Today's conventional relational database management systems — such as Oracle, MS SQL, MySQL, etc. — are still relied on by many large-scale corporations. And being a large-scale company brings gigabyte-sized data that might have 150+ columns tables with it (apparently, you can have 1k columns on an Oracle DB table).
Naturally, a relational DB table having unique key columns is inevitable. This may include sequence objects in Oracle and MS SQL, serial objects in PostgreSQL, etc. Those columns are crucial to creating relations between tables and accessing the desired data.
CREATE SEQUENCE sequence_name MINVALUE value MAXVALUE value START WITH value INCREMENT BY value CACHE value;
While accessing the aforementioned data or inserting new data into the table, those unique key columns are mostly used in increments of one. This means that in the process of using those columns in the application layer (Java, C#, etc.), you can store them in a variable and increment by one on-the-spot and save resources for another transaction because it's known that each transaction means more effort to access the physical memory.

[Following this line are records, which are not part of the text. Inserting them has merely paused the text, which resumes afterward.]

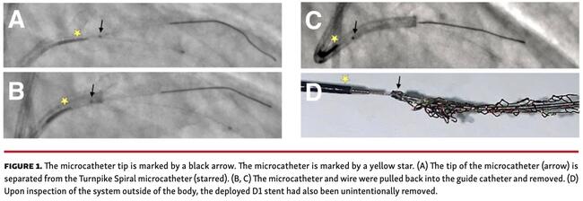 A follow-up angiogram at 6 weeks demonstrated patent LAD stents and a 90% ostial D1 lesion. Successful PCI was performed to the D1 with an excellent final angiographic result. To our knowledge, this is the first reported case of unintentional removal of a deployed stent due to a fracture of a microcatheter tip.
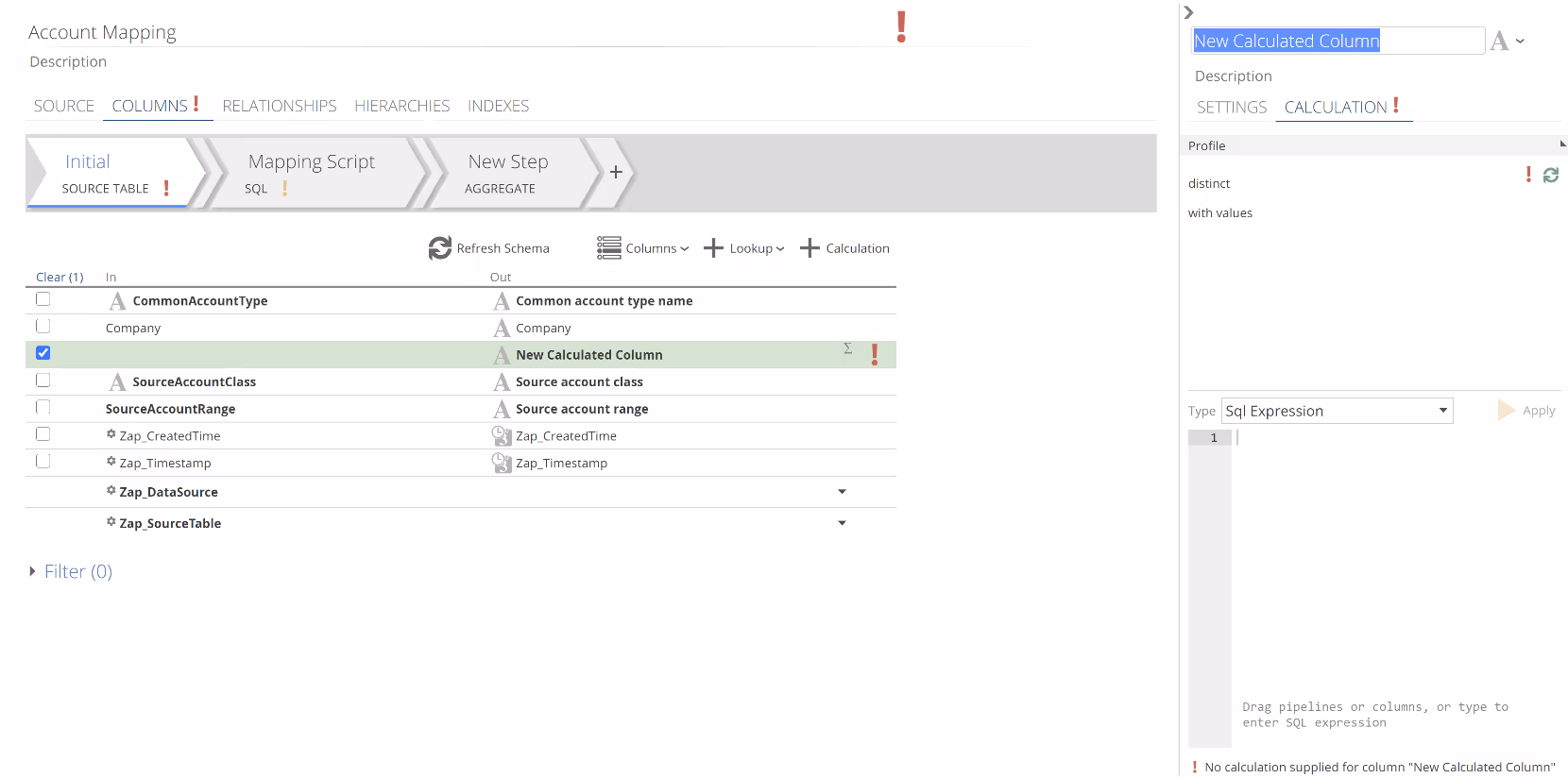 So we see that Unified Layers serve to standardize most column and Pipeline properties relevant to reporting. There is one more point to make on standardization. An applied Unified Layer will also serve to standardize the included columns. Observe the warning in the following image.
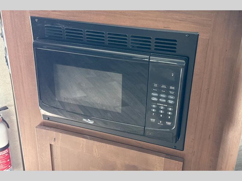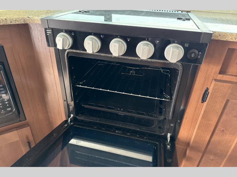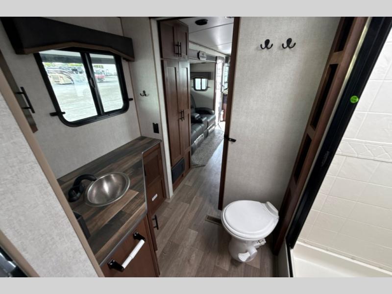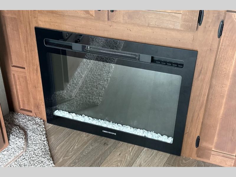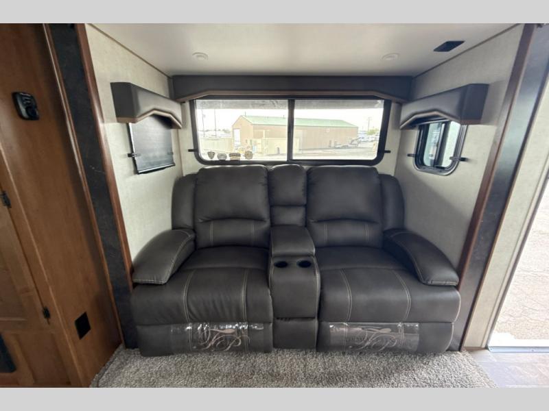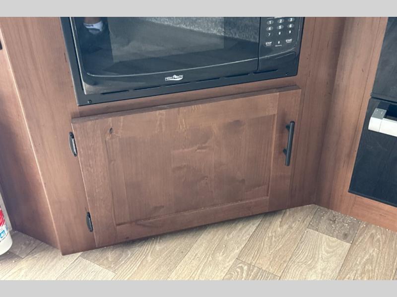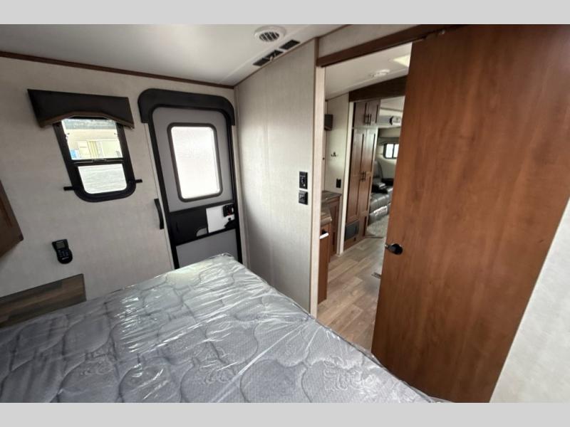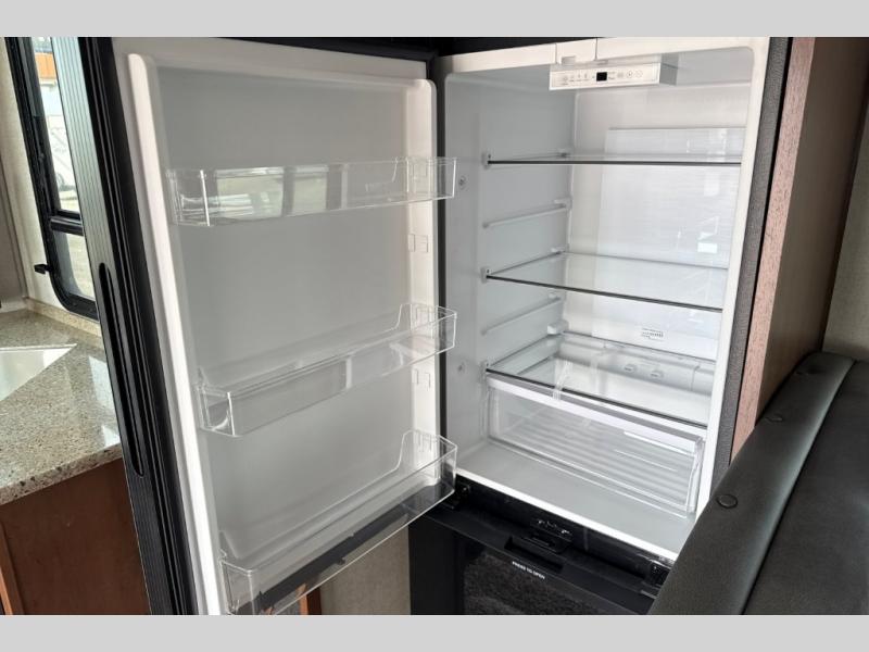 Dual entry doors in this travel trailer will allow you to enter in through the rear kitchen or the front master bedroom. A walk-through bath is easily accessible for everyone, and the main living area is made open thanks to the dual opposing slides. While dinner is being made on the three burner cooktop, you can play a game at the mountain dinette, or relax on the sofa with built-in recliners and watch a movie on the swing-out 40" TV. You'll appreciate plenty of storage space in this model, including a pantry, wardrobes on either side of the bed, plus a wardrobe slide in the bedroom for your favorite outfits!
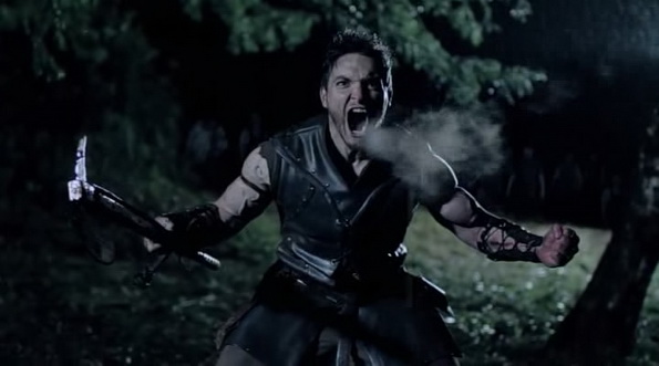 C’est très dommage car le charcutage de zombies à l’arme blanche, ça produit toujours son petit effet, d’autant qu’ils sont assez nombreux sur certaines scènes et pas trop mal fichus en terme de maquillage (pas tous, mais bon). Il n’y a aucune intensité, les morts vivants prennent des coups qui sonnent faux, tout comme le sang numérique assez hideux. On a bien quelques intestins ci et là histoire de donner une petite touche de gore bien trop discrète pour réellement retenir l’attention si ce n’est à nouveau une petite fulgurance toujours grâce à notre chevalier acrobate qui, d’un seul coup de hache à deux mains, va découper de façon nette et précise un zombie de façon verticale. Ce n’est pas très bien fait, mais ça apporte une petite touche de fun à ce petit film qui se prend bien trop au sérieux.
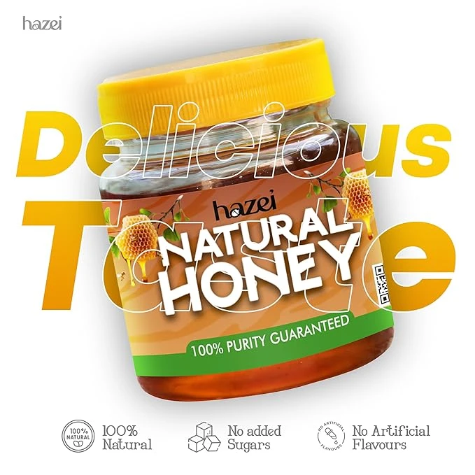 • 100% Pure & Natural Honey - Hazei Natural Honey is carefully sourced and unprocessed to retain its natural aroma, flavor, and nutrients. It delivers the authentic sweetness of nature without artificial additives or processing. With its golden color, thick consistency, and delightful taste, this honey enhances both traditional and modern recipes, offering a premium and authentic flavor experience.
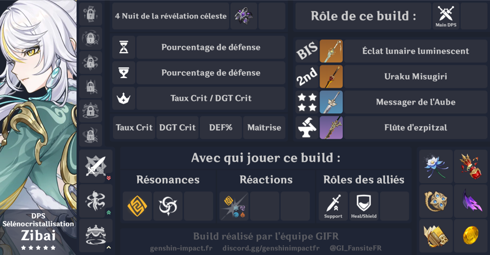 Pour optimiser Zibai, le set « Nuit de la Révélation Céleste » est sans conteste le plus avantageux.
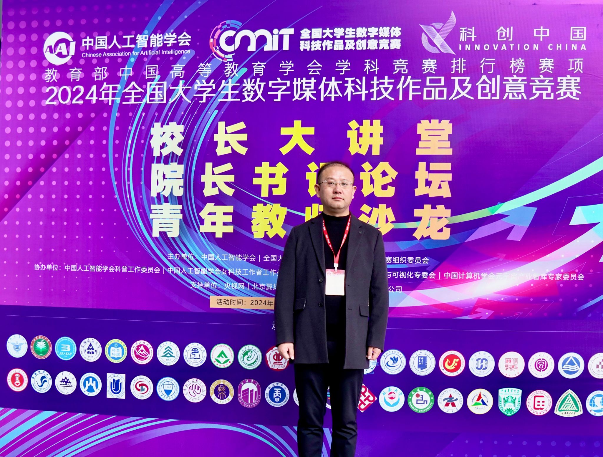 11月22日—24日,由中国人工智能学会、全国老员工数字媒体科技作品及创意竞赛组委会主办,成都工业公司承办的2024年第四届“智能+”时代背景下智能科技与数字创意人才高质量培养创新论坛暨第十二届全国老员工数字媒体科技作品及创意竞赛全国现场总决赛在成都举行。来自全国各高校1500余组员工团队同场竞技,公司365英国上市官方网站执行经理时晓楠、数字媒体系主任蒲鹏举、实验中心主任庞理科、学科竞赛负责人于洋一行带领参赛员工张文杰、王雨晴、王哲、郏明春团队的作品《年兽闹新春》在总决赛中现场答辩中脱颖而出,荣获国赛一等奖,实现了公司在该项赛事中国赛一等奖零的突破。
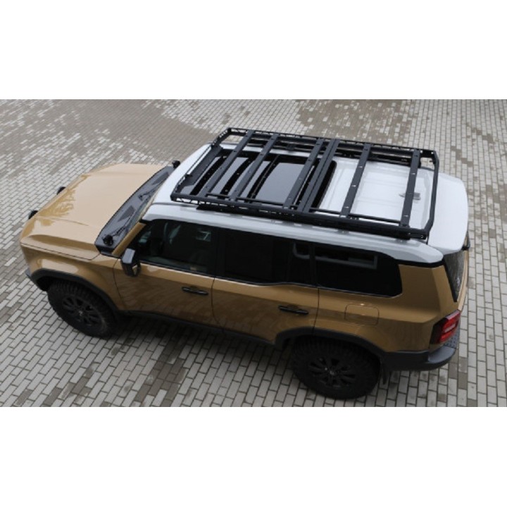 The platform consists of two parts, it is flat on top and suitable for mounting roof tents. On the upper surface, the off-road roof rack has holes to facilitate the installation of luggage nets and the screwing of any individual support.

With this in mind, as a flaw in the design process of the development of the application, sometimes a developer may be unable to foresee that the unique key column of the enormous gigabyte-sized table can exceed the numerical limit of the designated variable. The database won't control which type you assign to the number after the
SELECT statement, and Java or C# won't know that your data access object returns an unsuitable object until you run the code. For example, if the number on the said column exceeds
2147483647 and you try to assign that value to an integer variable, the code will crash on runtime and there is no way knowing before it crashes whether you designed your variables accordingly.
SELECT SEQUENCE_NAME, LAST_NUMBER FROM DBA_SEQUENCES WHERE LAST_NUMBER>999999999 AND LAST_NUMBER<2147483647
Then comes our beloved logging tools to the rescue, such as Splunk, ELK/Logstash, etc. Those tools commonly give perspective to your large amounts of data of any kind and also let you search and analyze the data. That means it can look through your code files, too! (Check out the References section for more information on Splunk and tools for logging big data.)
After that, the first thing you need to do is watch your sequence objects for a period of time and look for a trend to see if it's worth being concerned about — because you don't want to end up chasing a large number that has never been incremented in months, or maybe even years. That could mean that a table with a large ID column is a look-up or a catalog table that gets inserted almost never since its creation.
Since you know the ones to keep an eye on, you can use Splunk to search through the application codes by using the sequence object's name as if it's been selected from the table and assigned to a variable. If you get a hit from that search, you check the ones getting hit to see if they've been assigned to an unsuitable type.
Below, you can see a regex for a Splunk search on Java files:
search index=sourcecode 'name of the object here' sourcetype=java
The next step is to have a whitelist so that you don't have to look for those which are safe every time you run that control.
To wrap up, of course, it's crucial to design your development precisely accurately for the behaviors of your data, the client's traffic, and the requirements. But if you want to be sure that the code from the past will be checked for troubles to the future, bringing the database and blessings of industrial data logging solutions to the application layer is the way to go.